VULGÄRARISTOTELISMUS – Vulgäraristotelismus
Artistic practice gains its relevance from the artists denial of reality. This has nothing to do with escapism. The opposite is true: the artistic practice enhances its contact to reality through removing its dominance. The artist as DJ, does not follow any strict line nor teleology or given sense in her practice. But it is experimental research that opens up the space to the undefined, the invisible, the uncharted territory. It is about the denial of the Vulgäraristotelismus, for the latter claims that everything exists already and that we shall accept our existence as bored-boring reconstructors of the given or past. It is far more alarming, even dramatic: there is more to invent and these inventions concern all realities in this world. It’s still out in the open, despite stable facts, irreversible history and an extensive lack of freedom. Despite alienation of the subject through its history and culture, despite economical imperatives, the dictatorship of ignorance that flood the entire planet.
WAHRHEIT – Truth
The subject floats within the richness of the existing as well as in the ontologically disparate. It floats in some sort of stream of contingency. The domain of the existing is particles of reality, is open and undefined. There is no eternal truth in it. In the contrary, it is rather as if its truth is to find in its own inconsistency. The promise of reality is reneged over and over again, for it is here where the thinking of philosophy and art operates and navigates.
XENOGRAPHIE – Xenography
One may call the artistic as well as the philosophical thinking xenographic.

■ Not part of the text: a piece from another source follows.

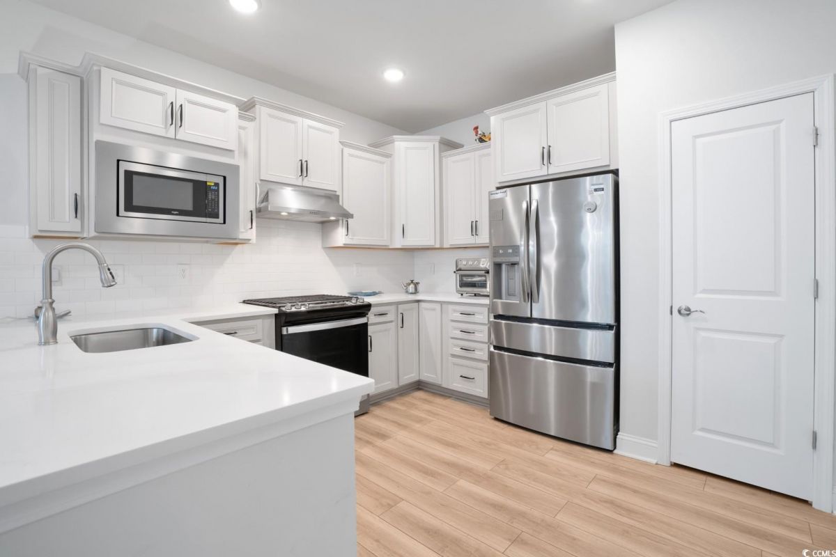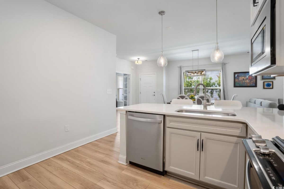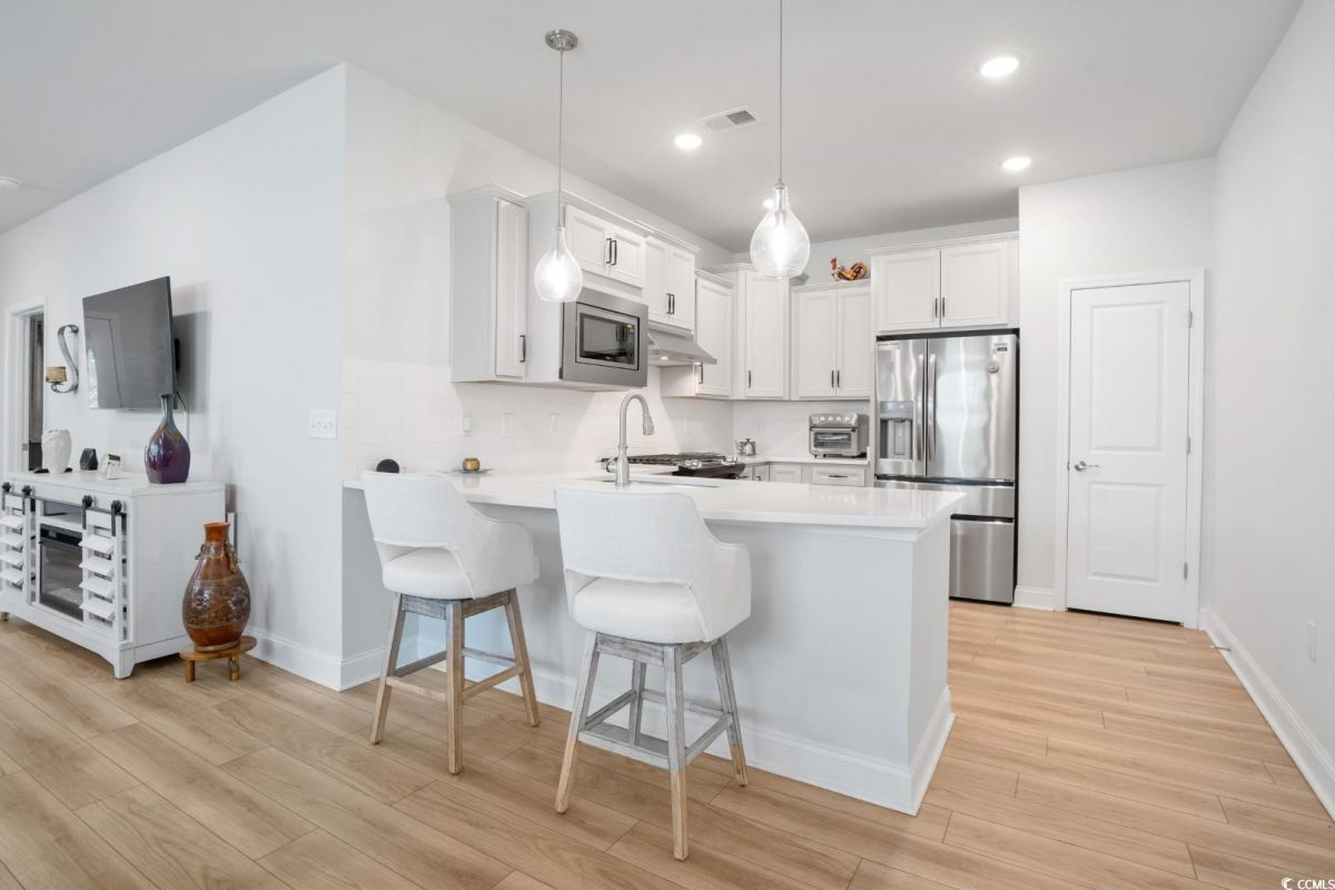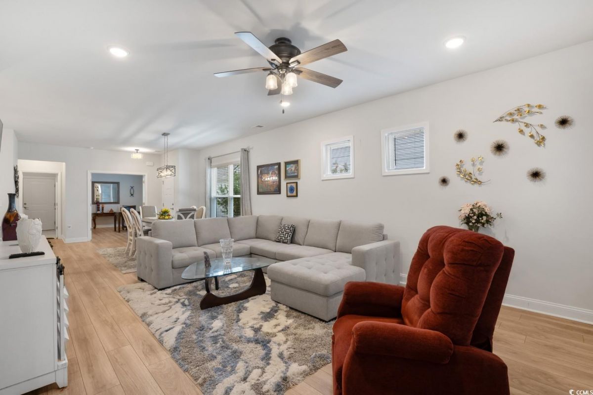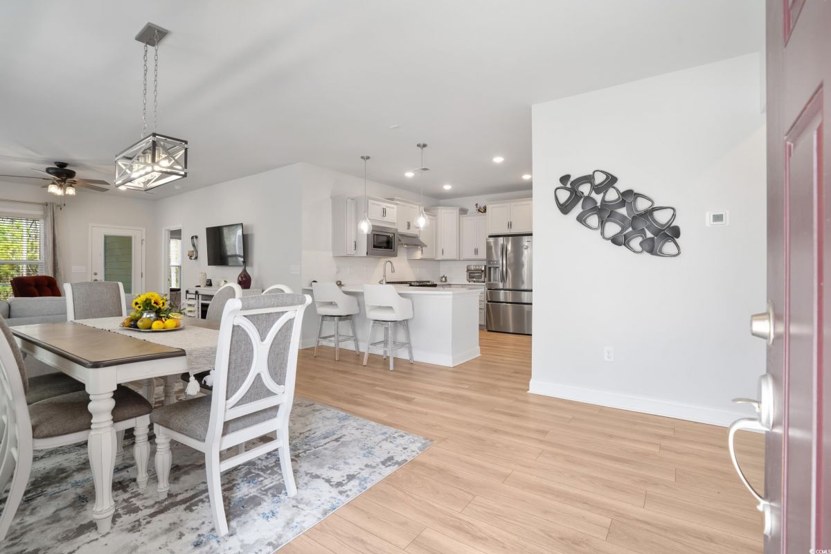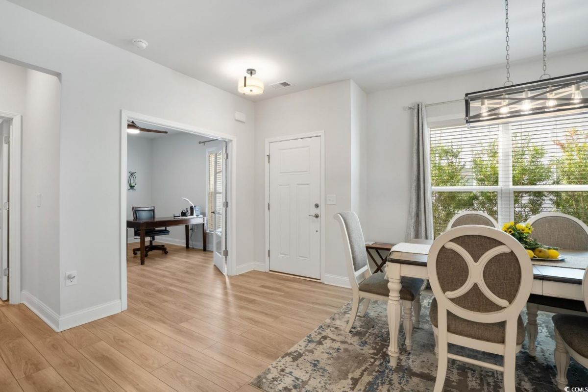 Discover the perfect blend of elegance and comfort in this stunning 2-bedroom, 2-bathroom semi-detached home with a versatile office space that can easily serve as a third bedroom. Nestled in the highly sought-after Del Webb at Grande Dunes, this residence offers spacious single-level living with a thoughtfully designed open floor plan. Step inside to find luxury vinyl plank flooring throughout, creating a seamless flow from room to room. The bright and airy living room boasts ample space, complemented by a ceiling fan for added comfort. The gourmet kitchen is a chef's dream, featuring stainless steel appliances, quartz countertops, and abundant cabinet storage-perfect for all your culinary needs. The primary suite is a retreat of its own, complete with a walk-in closet, ceiling fan, and an en-suite bathroom featuring a walk-in shower and double vanity sink. The spacious second bedroom also includes a ceiling fan, ensuring comfort for guests or family members. A dedicated laundry room and a two-car garage add convenience to your everyday lifestyle. Outdoor living is just as impressive with a screened-in porch and a private backyard-ideal for relaxing or entertaining, with no neighbors behind you for added tranquility. As part of the exclusive Del Webb at Grande Dunes, residents enjoy resort-style amenities, including a state-of-the-art clubhouse, fitness center, indoor and outdoor pools, tennis and pickleball courts, walking trails, and social activities tailored for active lifestyles. Additionally, homeowners have access to the Grande Dunes Ocean Club, offering private beach access, oceanfront dining, and additional upscale amenities. Located in the heart of Myrtle Beach, you're just minutes away from top-rated golf courses, premier shopping, fine dining, entertainment venues, and the stunning beaches of the Grand Strand. Don't miss this rare opportunity to own a private, move-in-ready home in one of Myrtle Beach's most prestigious 55+ communities. Schedule your private showing today!

It is the registrar of the strangeness of a pretending familiar world. But thinking only exists through breaking with the familiarity.
YIING – Yiing
In ‘the Book of Changes’ Yiing light and night are differentiated in the same way as life and death are. But differently to the Occidental philosophy, the Chinese does not dramatize these differences.
Therefore in Chinese philosophy there is no need to synthesize these differences. In case this happens anyway, we are dealing rather with natural synthesises, where contrasts are only transitions. The subject itself is transition, a sort of multiplicity of different alternating states.
ZYNISMUS – Cynicism
The cynics will always have the determinism at hand to justify their passivity for everything is already decided. But this is not true. Our realities are fragile. This means that they are not eternally stable, they change. There remains a lot of space in the undefined. It is the undefined and contingency that allows for an open future (a future that was reducible on its past would not be one) – the inconsistency of our world. Art is this: the openness of the subject to these inconsistencies, operating with uncertainties and non existing evidence, the affirmation of the contingency of reality. The latter is prolonged wherever, whenever, why ever, always in the future, today ad infinitum to its farthest borders and beyond.
[1] Theodor W. Adorno, Ästhetische Theorie, GW 7, Frankfurt a. M. 1970, S. 205.